### Collected data:
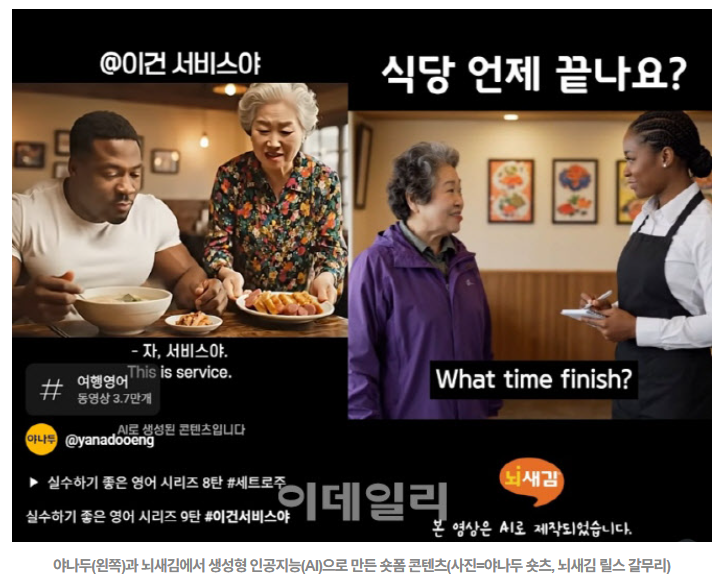 “자, 서비스야”…1000만뷰 빵 터진 할머니 영어 AI 숏폼
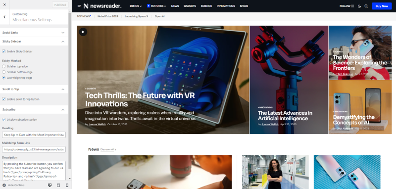 There’re a few miscellaneous settings in Appearance → Customise → Miscellaneous Settings.
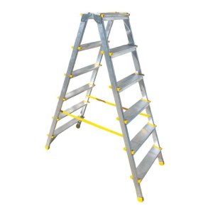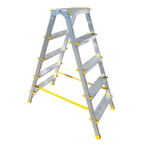 Hliníkový rebrík dvoják, klasický A tvar. 2 priečky na oboch stranách.
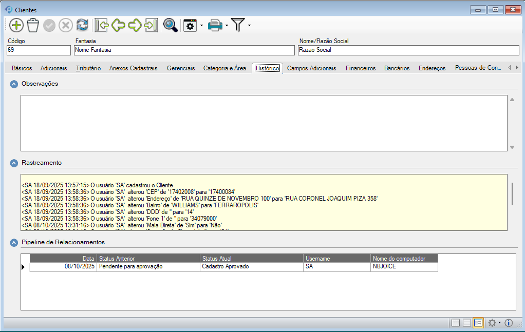 - Pipeline de Relacionamentos: Exibe alterações no status do cliente, mostrando a Data/Hora da alteração, o Status Anterior e o Status Atual. Essa visualização permite acompanhar a evolução do relacionamento do cliente e entender seu histórico de situação dentro do sistema.
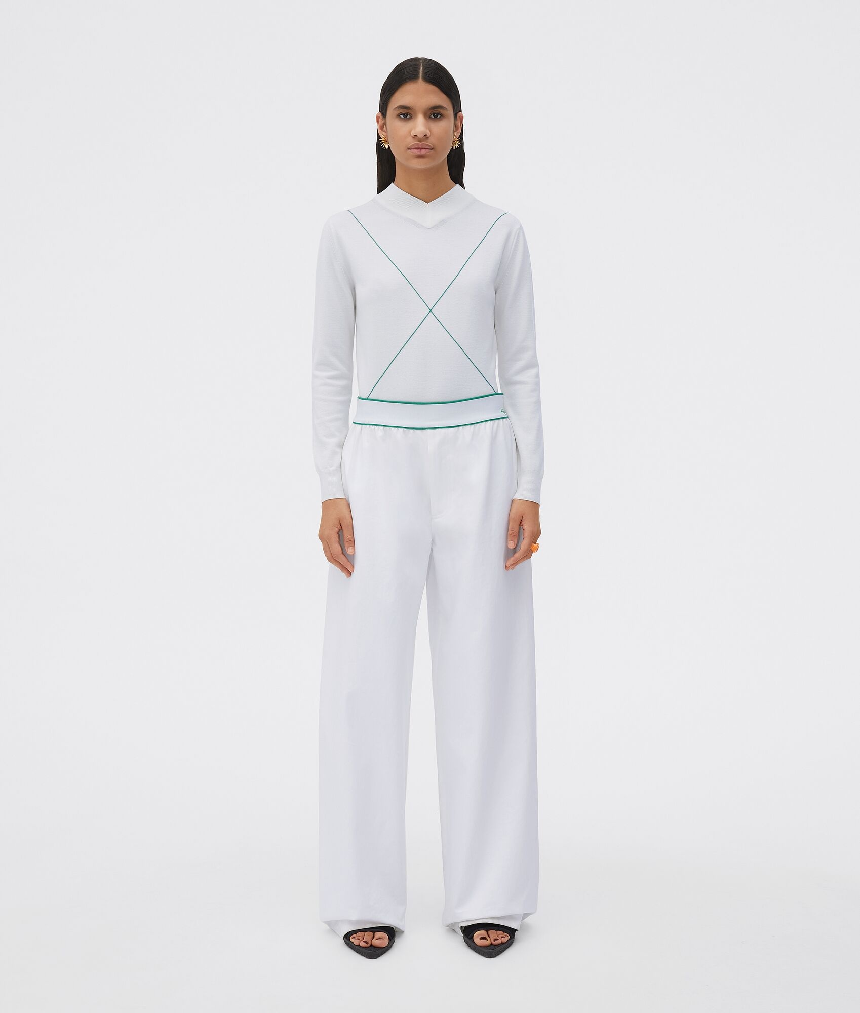 • Sanded cotton twill wide leg pants • Elasticated waistband with reverse embroidered logo Material: 100% Cotton • Color: White Made in: italy
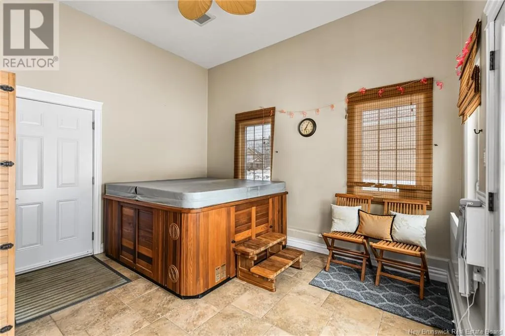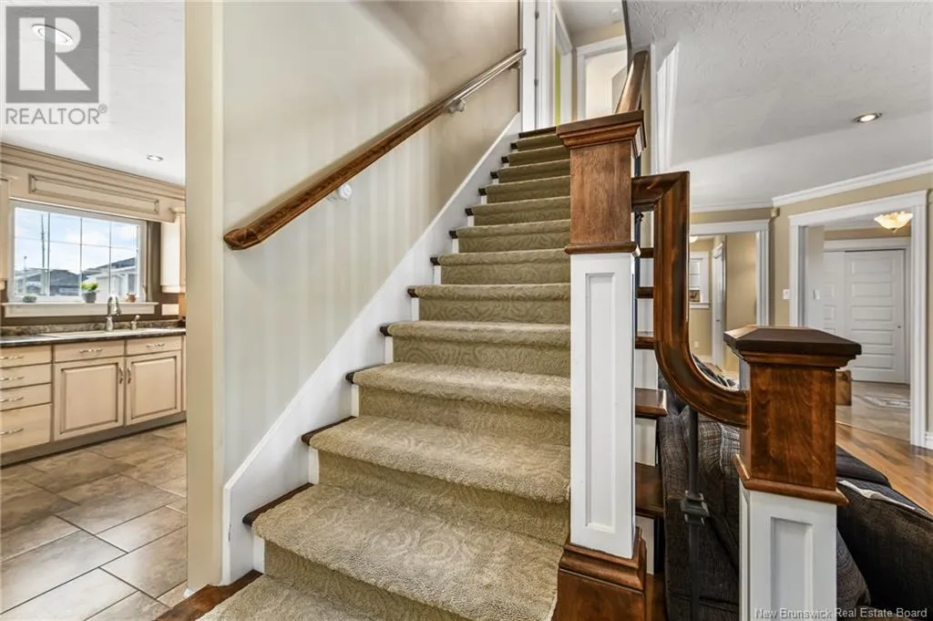 From Moncton, take the Gunningsville bridge to Riverview. Turn left on Hillsborough Rd., right on Red Leaf, left on Goldleaf. Welcome to 156 Goldleaf, a luxurious, climate-controlled home in a peaceful, family-friendly cul-de-sac. The well-maintained lot features stone walkways, a large patio, low-maintenance landscaping, a storage shed, and a covered veranda. Inside, the main floor offers a bright living room and a kitchen with custom cabinetry, a walk-in pantry, and appliances replaced in summer 2024 (fridge and dishwasher). The breakfast nook opens to the patio, and the adjacent dining room is perfect for entertaining. A half bath with laundry completes this level. An indoor SPA with JACUZZI and SAUNA also offers patio access. Upstairs, the primary bedroom features cathedral ceilings, a walk-in closet, and an ensuite with Jacuzzi tub. Two additional bedrooms and a full bathroom complete the upper level. The finished basement includes a family room with garage access, a (non-conforming) bedroom, a full bathroom, and another room that can serve as an office or bedroom. With direct access from the garage or spa area, the basement offers potential for an in-law suite or rental income if finished accordingly. The home also includes a fully automated 24kW Generac generator, two rental propane tanks, a Tesla charger (installed 2024), a central vacuum, and wiring for Rogers and Bell internet. This move-in ready property offers comfort, space, and quality in one of Riverviews most desirable neighborhoods. Click the 'Virtual Tour' tab for an online viewing, or contact us to book your visit today! (id:27476)

### What you will do:
First drop every picture, then print the data above exactly as it stands.

### Exercise solution:
 “자, 서비스야”…1000만뷰 빵 터진 할머니 영어 AI 숏폼
 There’re a few miscellaneous settings in Appearance → Customise → Miscellaneous Settings.
 Hliníkový rebrík dvoják, klasický A tvar. 2 priečky na oboch stranách.
 - Pipeline de Relacionamentos: Exibe alterações no status do cliente, mostrando a Data/Hora da alteração, o Status Anterior e o Status Atual. Essa visualização permite acompanhar a evolução do relacionamento do cliente e entender seu histórico de situação dentro do sistema.
 • Sanded cotton twill wide leg pants • Elasticated waistband with reverse embroidered logo Material: 100% Cotton • Color: White Made in: italy
 From Moncton, take the Gunningsville bridge to Riverview. Turn left on Hillsborough Rd., right on Red Leaf, left on Goldleaf. Welcome to 156 Goldleaf, a luxurious, climate-controlled home in a peaceful, family-friendly cul-de-sac. The well-maintained lot features stone walkways, a large patio, low-maintenance landscaping, a storage shed, and a covered veranda. Inside, the main floor offers a bright living room and a kitchen with custom cabinetry, a walk-in pantry, and appliances replaced in summer 2024 (fridge and dishwasher). The breakfast nook opens to the patio, and the adjacent dining room is perfect for entertaining. A half bath with laundry completes this level. An indoor SPA with JACUZZI and SAUNA also offers patio access. Upstairs, the primary bedroom features cathedral ceilings, a walk-in closet, and an ensuite with Jacuzzi tub. Two additional bedrooms and a full bathroom complete the upper level. The finished basement includes a family room with garage access, a (non-conforming) bedroom, a full bathroom, and another room that can serve as an office or bedroom. With direct access from the garage or spa area, the basement offers potential for an in-law suite or rental income if finished accordingly. The home also includes a fully automated 24kW Generac generator, two rental propane tanks, a Tesla charger (installed 2024), a central vacuum, and wiring for Rogers and Bell internet. This move-in ready property offers comfort, space, and quality in one of Riverviews most desirable neighborhoods. Click the 'Virtual Tour' tab for an online viewing, or contact us to book your visit today! (id:27476)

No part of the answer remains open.